Final answer:
d. The concentration of solute species in solutions of salts in contact with a solution containing a common ion can be calculated by considering the common ion effect. This effect occurs when a salt is dissolved in a solution that already contains one of the ions from the salt. The concentrations of the solute species can be determined by the solubility of the salt and the concentration of the common ion. In some cases, changes in the initial concentrations of the common ions can be neglected.
Step-by-step explanation:
To calculate the concentration of solute species in solutions of salts in contact with a solution containing a common ion, we need to consider the common ion effect. The common ion effect occurs when a salt is dissolved in a solution that already contains one of the ions from the salt. This affects the solubility of the salt and the concentrations of the solute species. Let's calculate the concentration of solute species for each of the given solutions:
a) NaCl in contact with a Na+ common ion solution:
When NaCl is dissolved in a solution that already contains Na+, the sodium ion concentration increases. The chloride ion concentration is determined by the solubility of NaCl. Since NaCl is a strong electrolyte, it completely dissociates into Na+ and Cl- ions:
[Na+] = [NaCl] = 1.250 M
[Cl-] = [NaCl] = 1.250 M
The concentration of Na+ is 1.250 M, and the concentration of Cl- is also 1.250 M.

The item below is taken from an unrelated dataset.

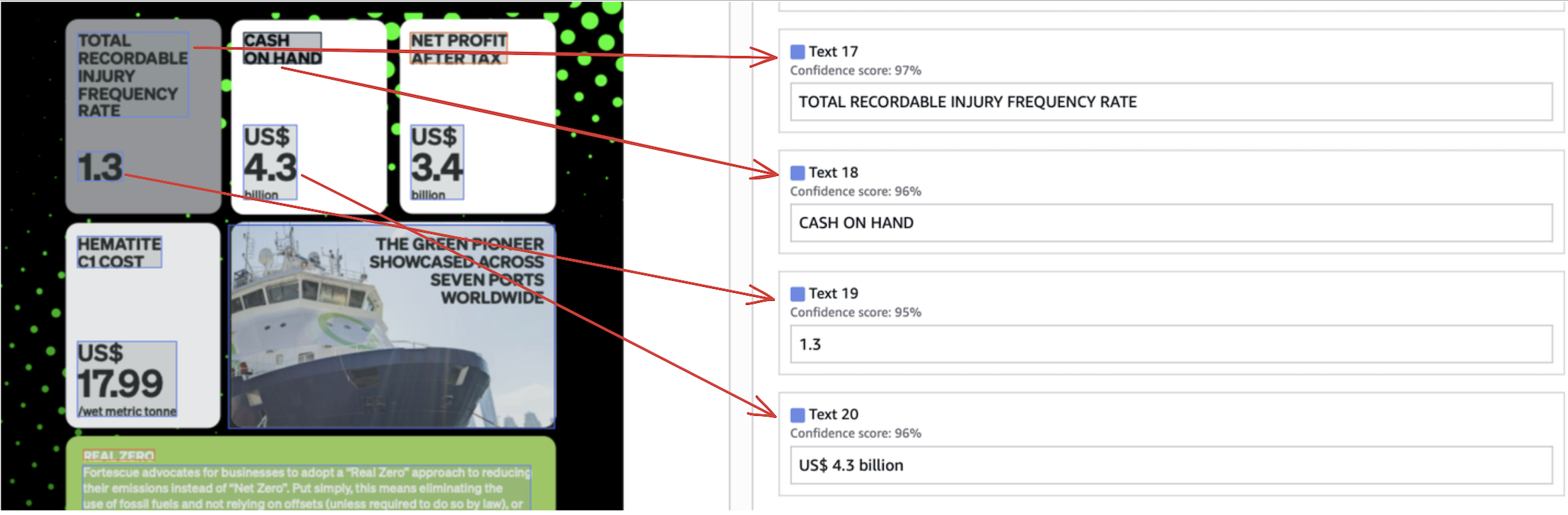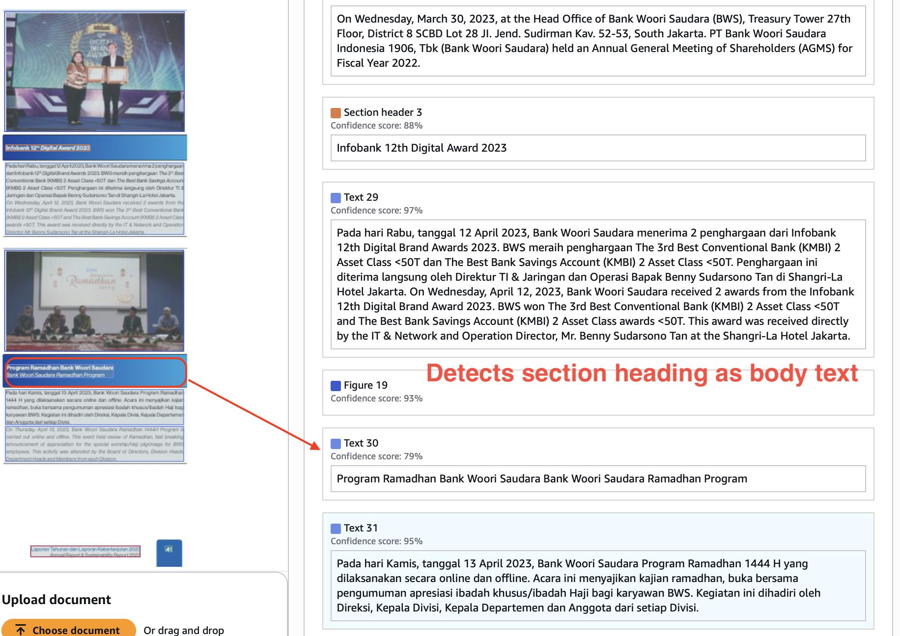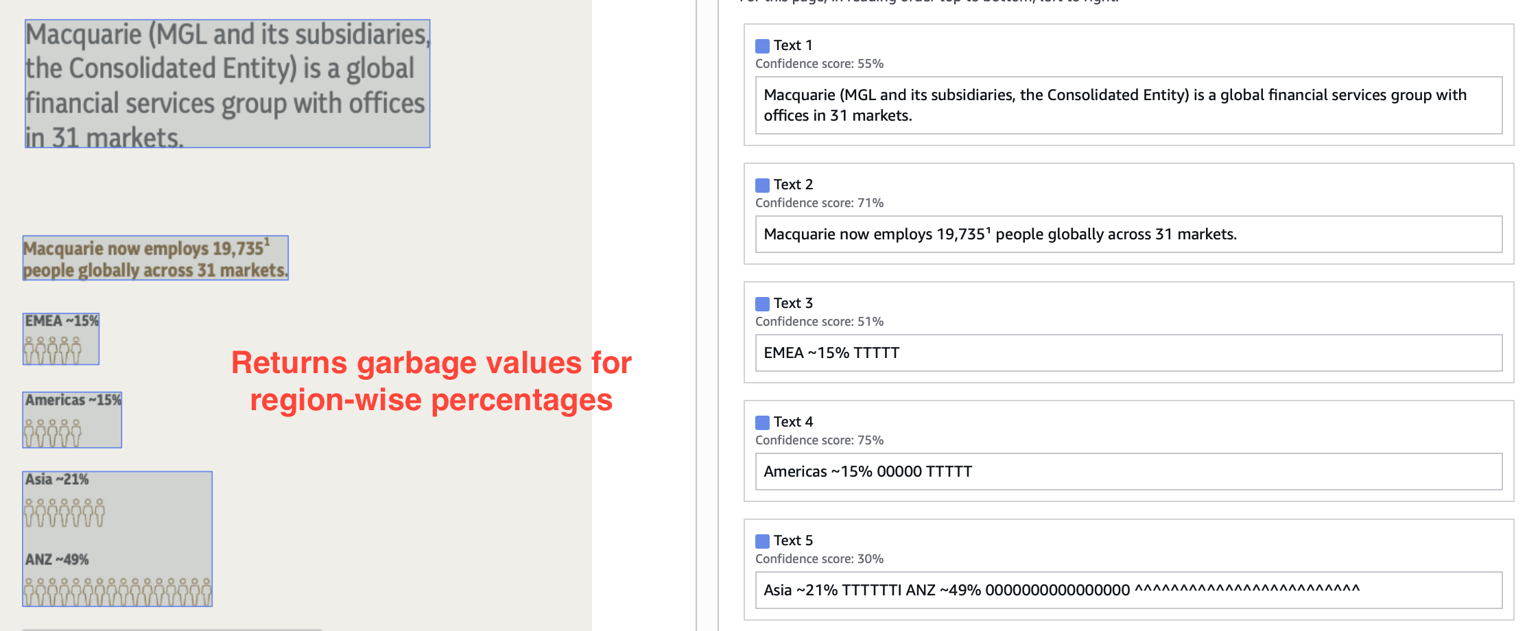 Image extraction features don’t only provide additional information but also improve the OCR accuracy. Lack of it in Textract leads to wrongly OCRed text in complex and confusing regions.

b) Ba(NO3)2 in contact with a NO3− common ion solution:
When Ba(NO3)2 is dissolved in a solution that already contains NO3−, the nitrate ion concentration increases. The barium ion concentration is determined by the solubility of Ba(NO3)2. Since Ba(NO3)2 is a strong electrolyte, it completely dissociates into Ba2+ and 2NO3- ions:
[Ba2+] = [Ba(NO3)2] = 0.0355 M
[NO3-] = 2[Ba(NO3)2] = 2 * 0.0355 M = 0.071 M
The concentration of Ba2+ is 0.0355 M, and the concentration of NO3- is 0.071 M.
c) K2CO3 in contact with a K+ common ion solution:
When K2CO3 is dissolved in a solution that already contains K+, the potassium ion concentration increases. The carbonate ion concentration is determined by the solubility of K2CO3. Since K2CO3 is a strong electrolyte, it completely dissociates into 2K+ and CO3^2- ions:
[K+] = [K2CO3] = 0.856 g / (molar mass of K2CO3) * (1 mol / 0.225 L)
[CO3^2-] = [K2CO3] = 0.856 g / (molar mass of K2CO3) * (1 mol / 0.225 L)
The concentration of K+ is determined by the given mass of K2CO3, and the concentration of CO3^2- is also determined by the given mass of K2CO3.
d) FeCl3 in contact with a Fe3+ common ion solution:
When FeCl3 is dissolved in a solution that already contains Fe3+, the iron(III) ion concentration increases. The chloride ion concentration is determined by the solubility of FeCl3. Since FeCl3 is a strong electrolyte, it completely dissociates into Fe3+ and 3Cl- ions:
[Fe3+] = [FeCl3] = ???
[Cl-] = 3[FeCl3] = ???
d. The concentration of Fe3+ is determined by the given concentration of FeCl3, and the concentration of Cl- is also determined by the given concentration of FeCl3.